> _Extracted entries_
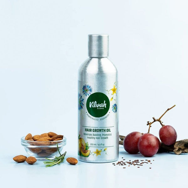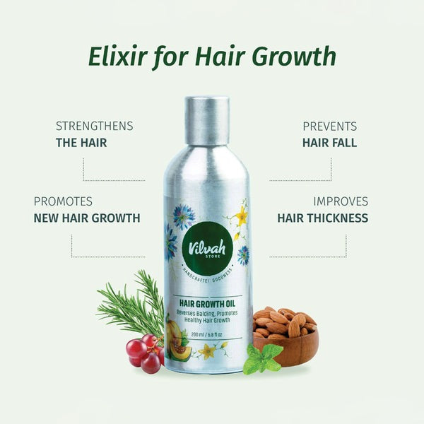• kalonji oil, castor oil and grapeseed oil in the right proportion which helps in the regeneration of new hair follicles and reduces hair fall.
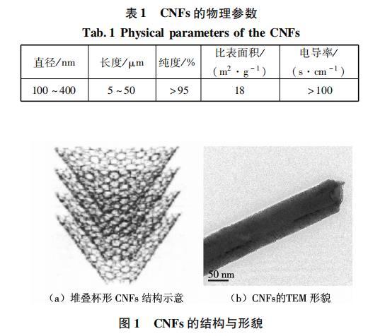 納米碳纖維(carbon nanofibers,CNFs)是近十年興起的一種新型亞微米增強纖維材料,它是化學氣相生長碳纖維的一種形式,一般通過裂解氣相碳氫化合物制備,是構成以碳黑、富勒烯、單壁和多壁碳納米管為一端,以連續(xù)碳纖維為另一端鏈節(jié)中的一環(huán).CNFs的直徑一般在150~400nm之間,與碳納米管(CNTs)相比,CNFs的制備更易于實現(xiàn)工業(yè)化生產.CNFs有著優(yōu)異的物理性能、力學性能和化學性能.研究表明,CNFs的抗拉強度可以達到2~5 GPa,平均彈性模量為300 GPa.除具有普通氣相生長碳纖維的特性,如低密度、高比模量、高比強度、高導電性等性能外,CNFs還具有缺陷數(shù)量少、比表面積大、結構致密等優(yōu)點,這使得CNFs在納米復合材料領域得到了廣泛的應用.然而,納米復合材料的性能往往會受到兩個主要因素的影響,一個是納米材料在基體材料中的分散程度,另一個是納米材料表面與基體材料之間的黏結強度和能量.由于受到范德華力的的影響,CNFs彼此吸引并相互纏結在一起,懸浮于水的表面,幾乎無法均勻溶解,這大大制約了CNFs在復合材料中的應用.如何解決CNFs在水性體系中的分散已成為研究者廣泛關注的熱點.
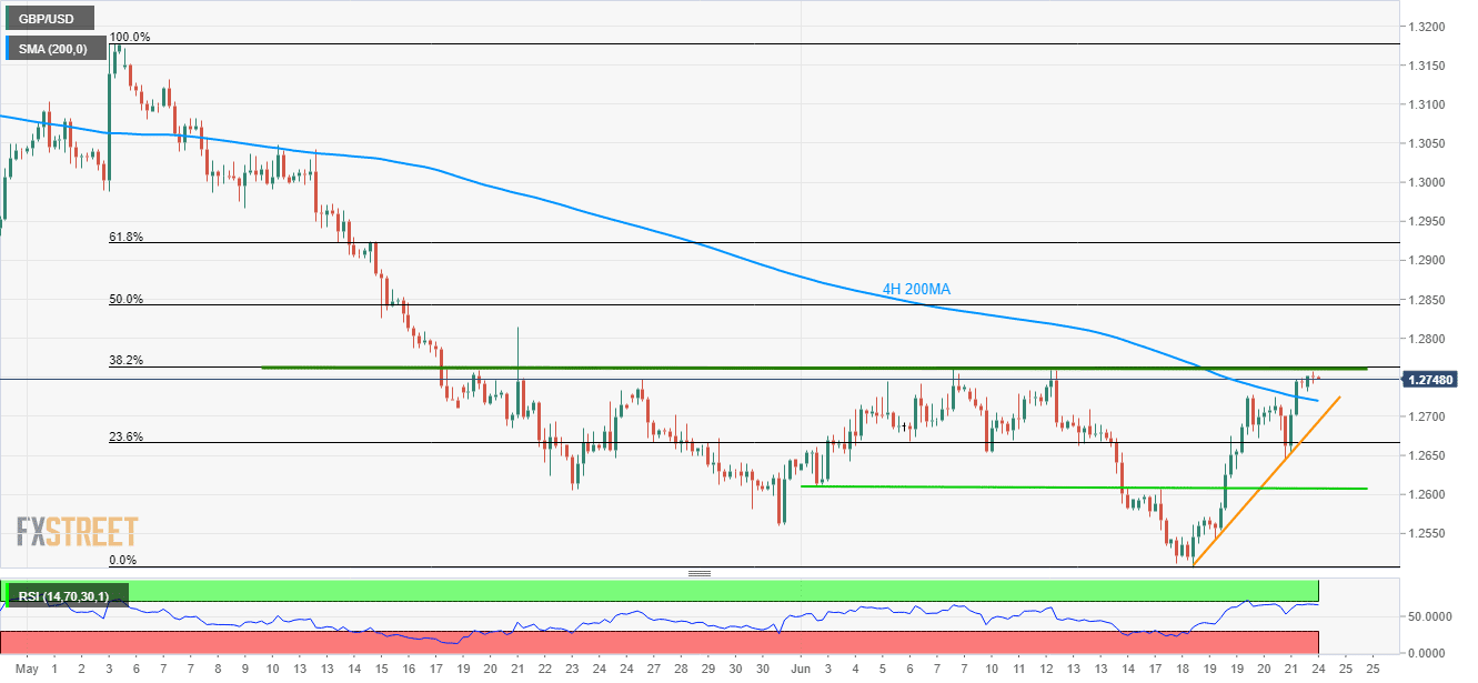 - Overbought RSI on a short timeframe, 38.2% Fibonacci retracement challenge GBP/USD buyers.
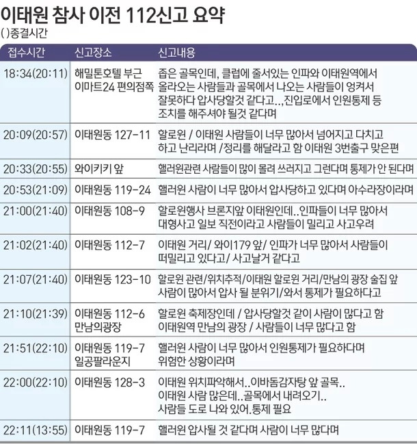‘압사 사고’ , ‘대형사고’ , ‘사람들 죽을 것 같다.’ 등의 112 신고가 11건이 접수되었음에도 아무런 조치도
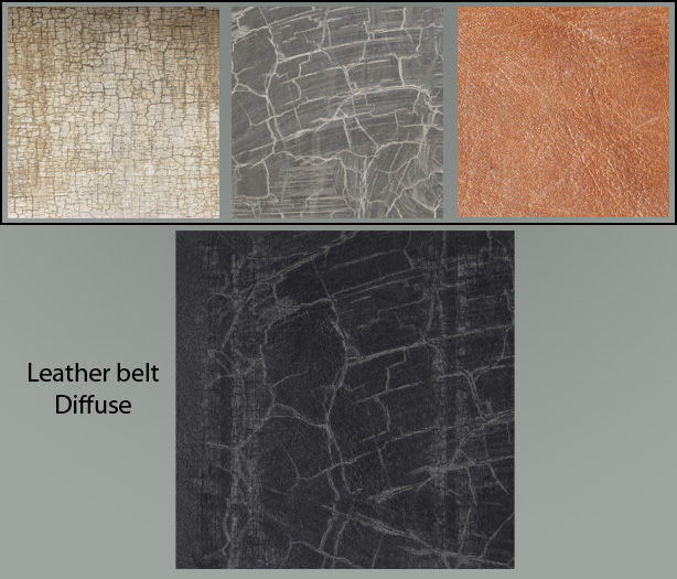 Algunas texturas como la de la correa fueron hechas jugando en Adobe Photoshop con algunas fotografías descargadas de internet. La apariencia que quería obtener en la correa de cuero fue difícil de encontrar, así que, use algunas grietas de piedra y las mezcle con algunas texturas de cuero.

> _Task to carry out_
Print every entry verbatim and leave all pictures out.

> _Completed exercise_
• kalonji oil, castor oil and grapeseed oil in the right proportion which helps in the regeneration of new hair follicles and reduces hair fall.
 納米碳纖維(carbon nanofibers,CNFs)是近十年興起的一種新型亞微米增強纖維材料,它是化學氣相生長碳纖維的一種形式,一般通過裂解氣相碳氫化合物制備,是構成以碳黑、富勒烯、單壁和多壁碳納米管為一端,以連續(xù)碳纖維為另一端鏈節(jié)中的一環(huán).CNFs的直徑一般在150~400nm之間,與碳納米管(CNTs)相比,CNFs的制備更易于實現(xiàn)工業(yè)化生產.CNFs有著優(yōu)異的物理性能、力學性能和化學性能.研究表明,CNFs的抗拉強度可以達到2~5 GPa,平均彈性模量為300 GPa.除具有普通氣相生長碳纖維的特性,如低密度、高比模量、高比強度、高導電性等性能外,CNFs還具有缺陷數(shù)量少、比表面積大、結構致密等優(yōu)點,這使得CNFs在納米復合材料領域得到了廣泛的應用.然而,納米復合材料的性能往往會受到兩個主要因素的影響,一個是納米材料在基體材料中的分散程度,另一個是納米材料表面與基體材料之間的黏結強度和能量.由于受到范德華力的的影響,CNFs彼此吸引并相互纏結在一起,懸浮于水的表面,幾乎無法均勻溶解,這大大制約了CNFs在復合材料中的應用.如何解決CNFs在水性體系中的分散已成為研究者廣泛關注的熱點.
 - Overbought RSI on a short timeframe, 38.2% Fibonacci retracement challenge GBP/USD buyers.
‘압사 사고’ , ‘대형사고’ , ‘사람들 죽을 것 같다.’ 등의 112 신고가 11건이 접수되었음에도 아무런 조치도
 Algunas texturas como la de la correa fueron hechas jugando en Adobe Photoshop con algunas fotografías descargadas de internet. La apariencia que quería obtener en la correa de cuero fue difícil de encontrar, así que, use algunas grietas de piedra y las mezcle con algunas texturas de cuero.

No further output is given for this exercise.